Notes & additional examples

Worked examples

In[1]:= Integrate[1/(1 + x^2), x]
Out[1]= ArcTan[x]
In[1]:= Integrate[1/x, x]
Out[1]= Log[x]
In[1]:= Integrate[Cos[x], x]
Out[1]= Sin[x]
In[1]:= Integrate[x^3 + x, x]
Out[1]= 1/2 x^2 + 1/4 x^4
In[1]:= Integrate[1/(x^3 + 1), x]
Out[1]= 1/3 Log[1 + x] + ArcTan[(-1 + 2 x)/Sqrt[3]]/Sqrt[3] - 1/6 Log[1 - x + x^2]
In[1]:= Integrate[(x^2 + 1)/(x^4 + 1), x]
Out[1]= ArcTan[x/Sqrt[2]]/Sqrt[2] + ArcTan[(x + x^3)/Sqrt[2]]/Sqrt[2]
In[1]:= Integrate[x*Exp[x], x]
Out[1]= -E^x + x E^x

In[2]:= Integrate[1/(x*Log[x]), x]
Out[2]= Log[Log[x]]

Notes

Integrate[f, x] computes the indefinite integral via a cascade: Bronstein's rational-function algorithm, then the Risch–Norman (pmint) heuristic, then the lazy-loaded CRC integral tables; Method -> "<name>" pins a single subroutine.

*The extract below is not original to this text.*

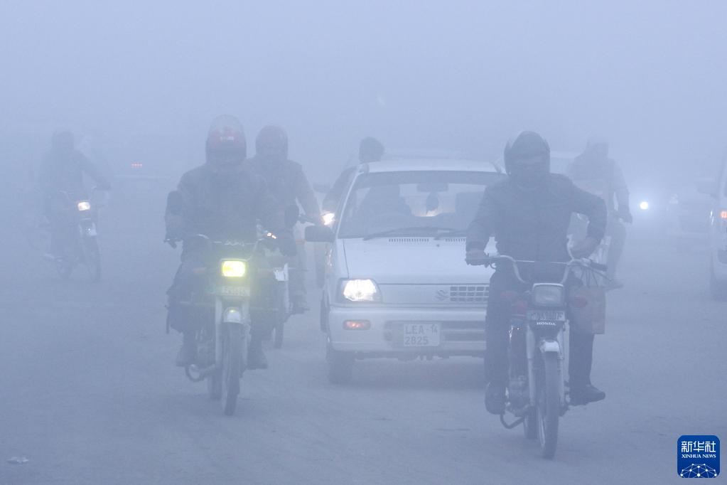 12月15日,機動(dòng)車(chē)在大霧彌漫的巴基斯坦拉合爾街頭行駛。

Antiderivatives are returned without an integration constant and are not always simplified — for example Integrate[Sin[x], x] returns -(1 + Cos[x]) rather than -Cos[x]. Definite integration is not supported in this build: Integrate[x^2, {x, 0, 1}] threads Integrate over the bound list and returns the garbage form {1/3 x^3, Integrate[x^2, 0], Integrate[x^2, 1]} instead of 1/3. Restrict use to the indefinite, single-variable form.